By Ellison Walcott
The month of March may be Women’s History month but there’s no excuse needed to see a comprehensive, yet intimate exhibit by one of the pioneers in feminist art.
Miriam Schapiro’s retrospective currently on view at Kristen Frederickson Contemporary Art on Reade St. is but a small representation of a 30-year career. Still, the eight works of art in the gallery provide a full survey of her career, her development as an artist, her thinking and ideas.
Now 80, Miriam Schapiro is known to her friends as Mimi. On a recent February afternoon at the gallery she was sporting a clay-colored jacket with embroidered flowers. If it weren’t for the contours of her animated face, she would blend right in to the artwork on the walls. Her cream-colored earrings even share the shape of one of one of her pieces on exhibit, ‘Pleasure Dome.’
“I’m not a mechanic,” said Schapiro. “So I don’t stand everyday and go at the canvas at the same time. I have to be really inspired.”
Schapiro is celebrated as a feminist artist who emerged into the art scene during the late Abstract Expressionist period in the early 1960’s. Later that same decade, she was instrumental in the growth of the ‘Pattern and Decoration’ movement, an aesthetic development designed to destabilize preconceptions of high art. Proponents embraced traditional concepts of beauty and humor in an age of austerity and intellect. Events included fashion shows and kimonos and fans served as canvases.
In 1969, the first formal Feminist Art Program was organized by Judy Chicago at California State University, Fresno. A year later Schapiro was recruited as the program’s co-director at the California Institute of the Arts in Valencia and the historically and politically significant installation, “Womanhouse,” was soon to follow.

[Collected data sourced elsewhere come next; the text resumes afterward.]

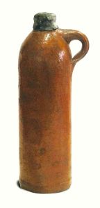 Een steengoed kruikje, puntgaaf, met de kurk en het zegel er nog op en het mineraalwater er nog in. Het is bepaald geen alledaagse vondst. Op de kurk en het zegel staat een merkstempel: APOLLINARIS – BRUNNEN – M – W. Daaronder heeft de verkoper zijn naam gezet: GEORG KREUZBERG / AHRWEILER RHEINPREUSSEN. Ook nu kennen we de naam van Apollinaris nog. Wie wil kan het bronwater van dit merk nog steeds kopen. Georg Kreuzberg is de man die de mineraalwaterbron in 1852 ontdekte en exploiteerde. Uit allerlei resten rond de bron weten we overigens dat de bron in de Romeinse tijd ook al volop in gebruik was.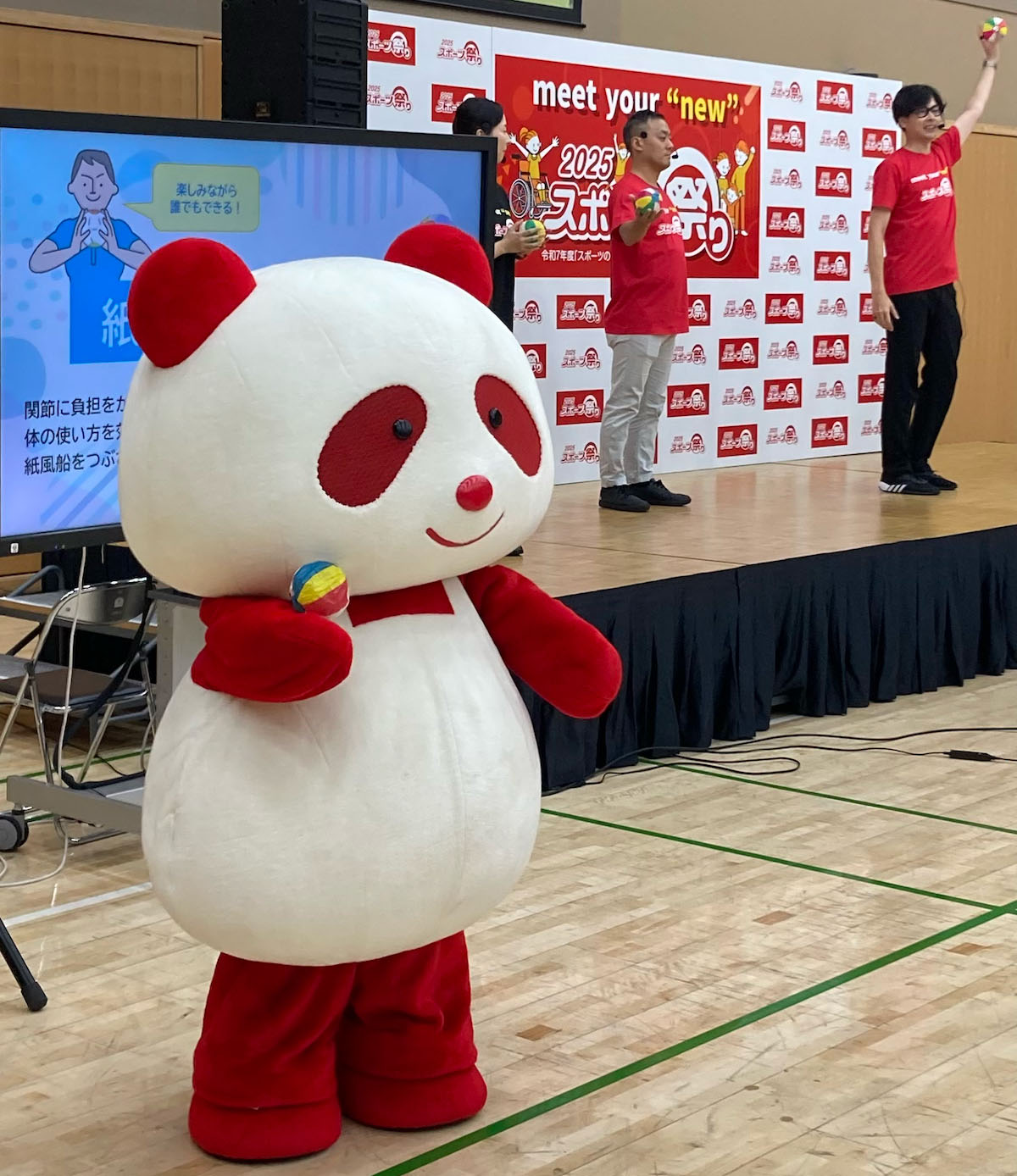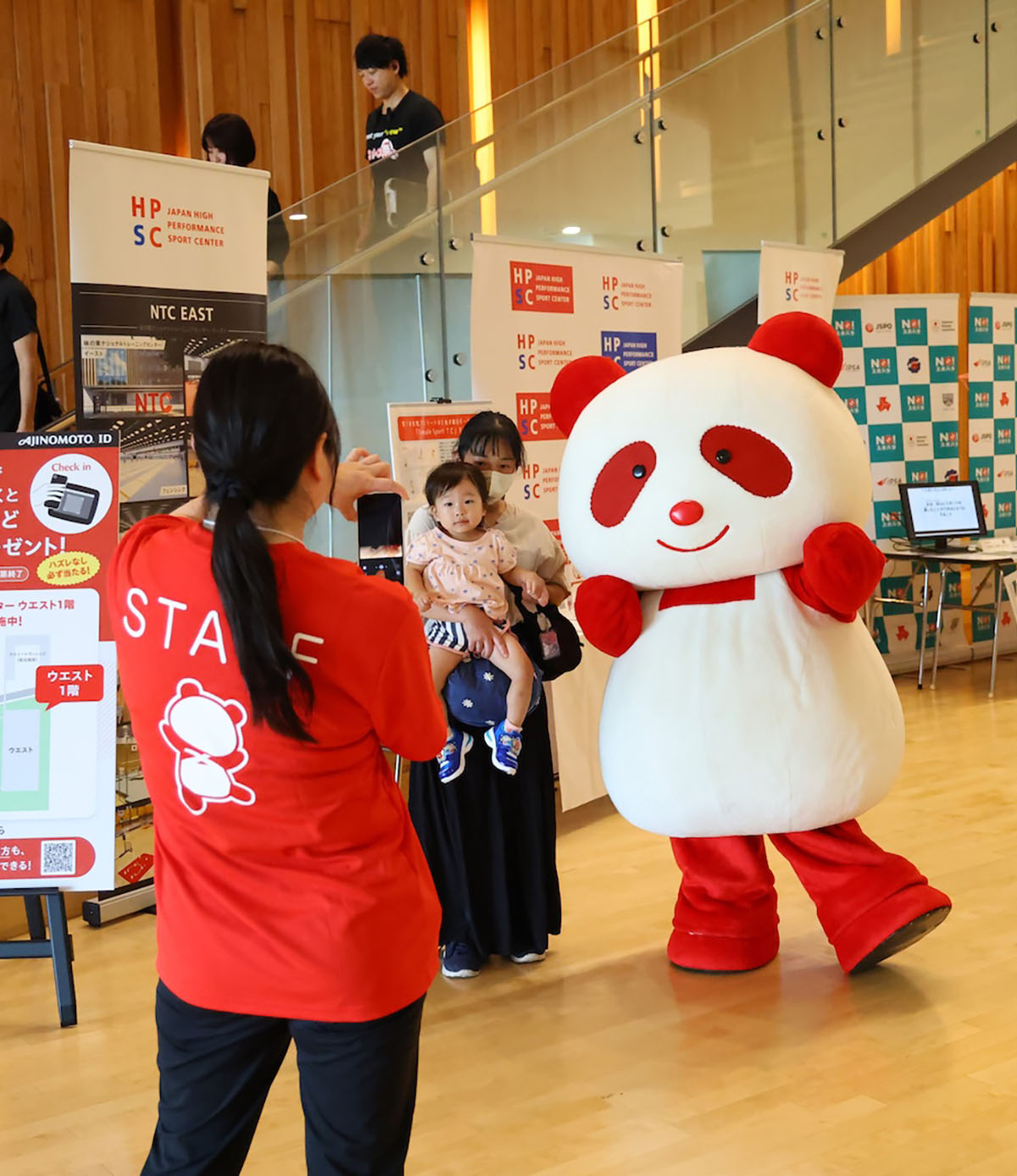 味の素のグローバルアンバサダー、アジパンダ®が登場し、開会行事や勝ち飯®教室、味の素NTC各所で来場者と交流しました。小中学生にも大人気で、ハイタッチや記念撮影を楽しむ子どもたちの笑顔が会場いっぱいに広がり、温かくにぎやかな時間となりました。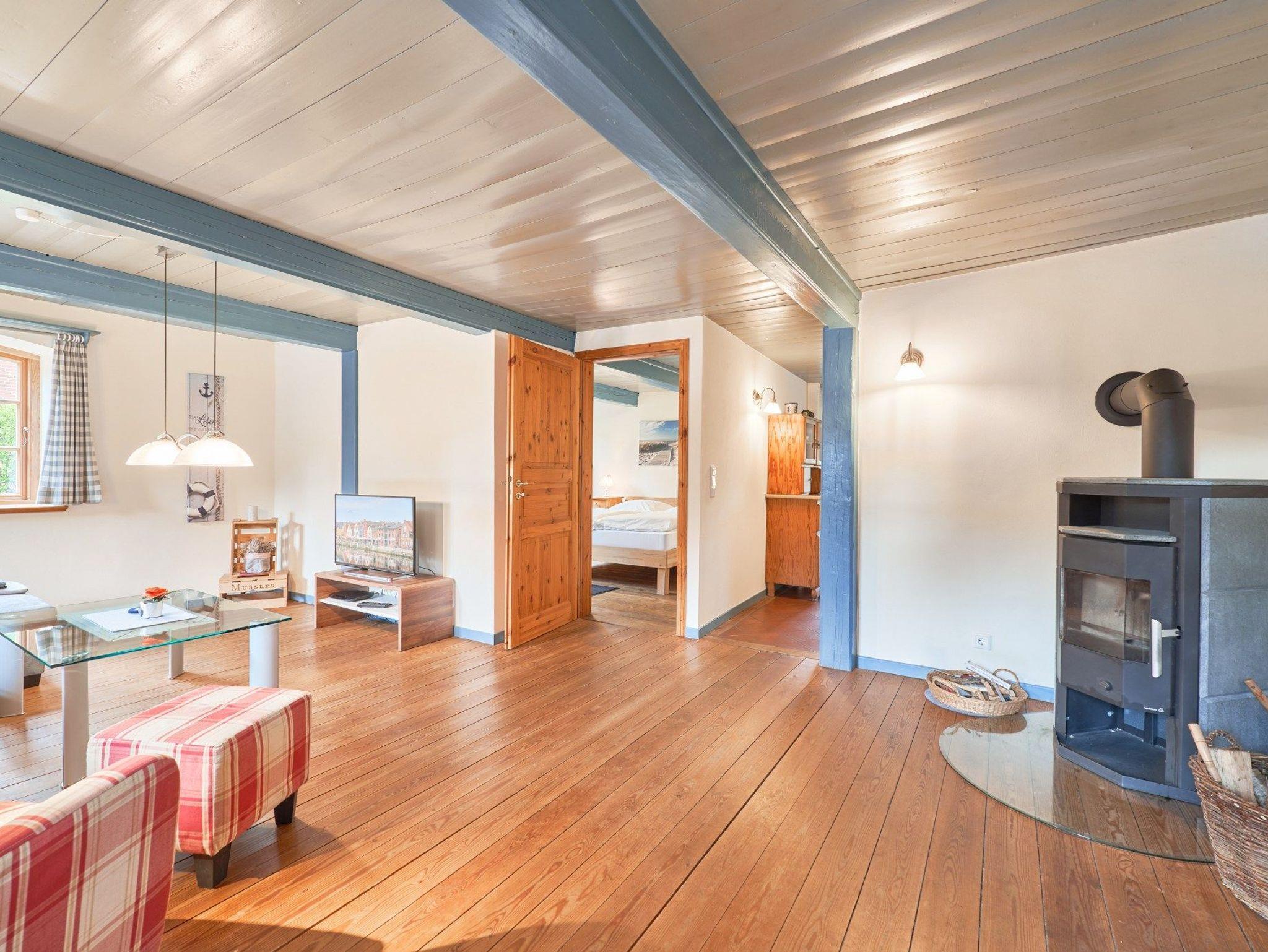 Wohnzimmer: Im gemütlichen Wohnzimmer können Sie nach einem erlebnisreichen Tag entspannen. Der Kaminofen sorgt für eine behagliche Atmosphäre an kühleren Abenden, während der SAT-TV und der Bluetooth-Lautsprecher für Unterhaltung sorgen.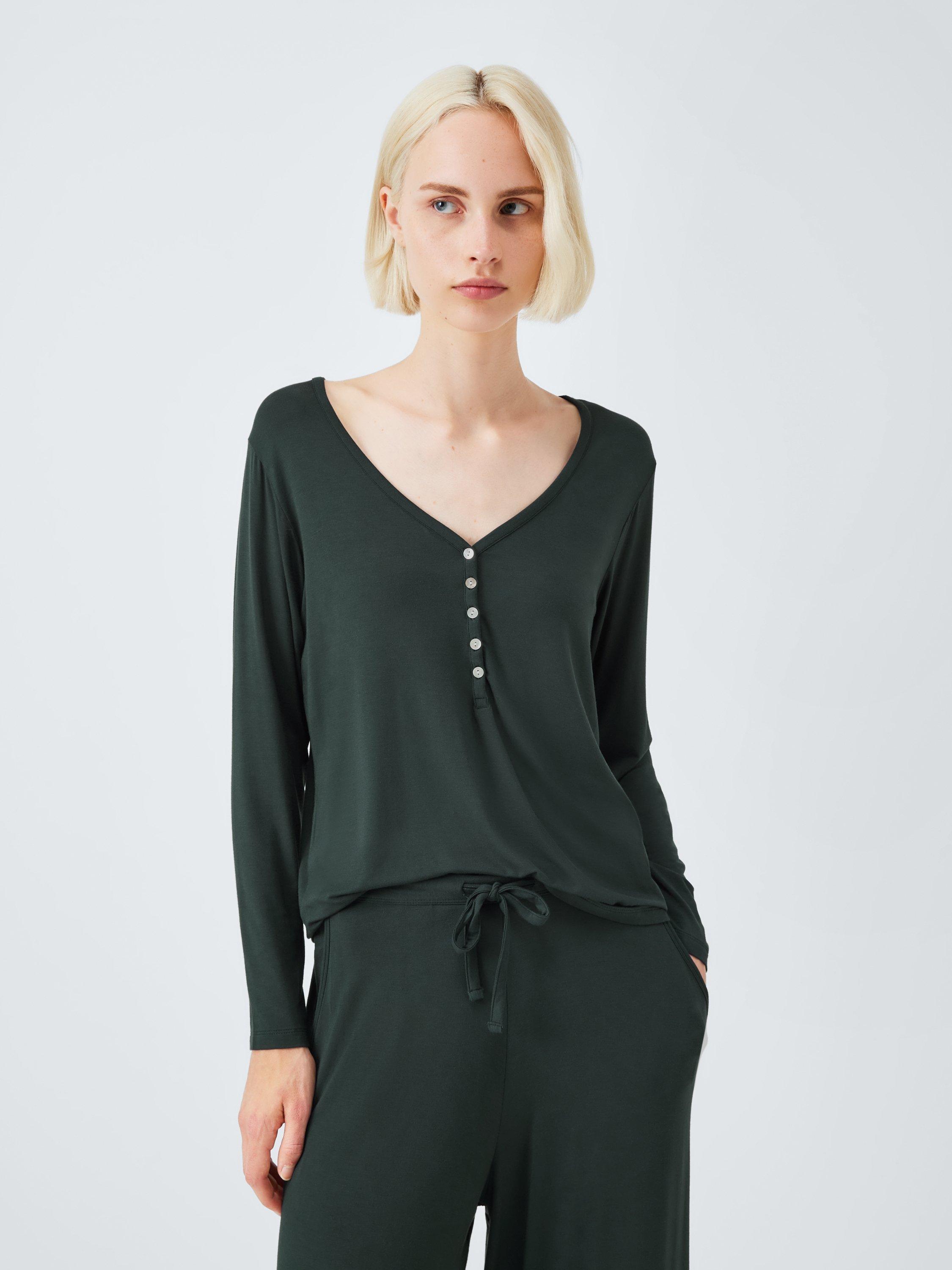 Discover the John Lewis Wide Leg Modal Henley Pyjama Set in the Scarab colour. Crafted from exceptionally lightweight modal fabric, this sleepwear ensures great comfort all night long. The stylish top includes natural shell buttons for detail. Bottoms feature a secure elasticated waist and very practical side pockets for convenience.

“Womanhouse” was a site-specific installation executed in 1972. Twenty-one students in the Feminist Art Program at the Cal Institute of Arts, in collaboration with Judy Chicago and Schapiro, transformed the rooms in a condemned mansion in residential Hollywood into an installation artwork about women, their domestic roles and the many societal issues they face.
Schapiro’s modus operandi hasn’t changed over the years. She overlays her painted, architecturally-based patterns with collaged elements of fabric, lace, paint and often whole objects in mixed media.
Given the proliferation of images and patterning in Schapiro’s work, her influences are many. However, it is her father who was the initial inspiration for Schapiro’s choice of career. That and her Russian ancestry have served as important touchstones throughout the decades.
“I grew up during the Depression,” said Schapiro whose father worked on the art program of the WPA. “When he was gone during the week he would give me the assignment to draw a picture a day. I didn’t want to. I wanted to go out and play, so I would draw them all the night before he came home. Then he would give a crit of my work.”
The most recent paintings in the gallery were inspired by a lecture Schapiro gave at the University of Nebraska on quilts.
One of these paintings titled “Life of Dolls” 2003, has a strong structural base. At the foundation the piece is composed of a four-square bisected with a circle. Structurally this form is a building block of quilt patternation. Here is where the structure ends, however, with African American and Caucasian dolls populating the colorful fields of mint green, pink, lavender and sky blue. Flowers, fans, leaves and ornamental filigree animate the surface further.
“While I was there I saw a great many quilts,” said Schapiro. “I started thinking about the women who made the quilts and this is what I gave my talk on. When I got home I decided I wanted to make my own quilt, so I took a canvas out of the closet that had been in there for years.”
Schapiro’s work has always had a narrative quality and each piece has its own history, both in the making as well as in content. All the works have a connection to women and community, whether motivated by viewing quilts, or attending a flea market and finding embroidered objects such as lace doilies.
Perhaps the most engaging piece in the show is a series of prints executed in 1977. On one of the gallery walls hang twelve prints containing images of doilies titled “Anonymous Was a Woman.” This series of prints was made from actual doilies, the lacy cloths of flowers, hearts and birds.
“I chose this media because traditional women’s work, such as embroidery and crocheting, were not signed,” said Schapiro.
While the prints are flat to the paper, they have a tactility and sculptural quality. The fabrication has a purity that matches the subject matter.
The other pieces in the gallery have an abundance of imagery including tap dancers, African masks, flowers, dolls and deer. Media and materials are as profuse and they include acrylic paint, sequins, fabric, color Xerox, lace and handkerchiefs.
In today’s brash art landscape, Shapiro stands as a godmother to artists weaned academically on the accomplishment of the past, as well as a grand example of the tenacity of artistic drive in the present.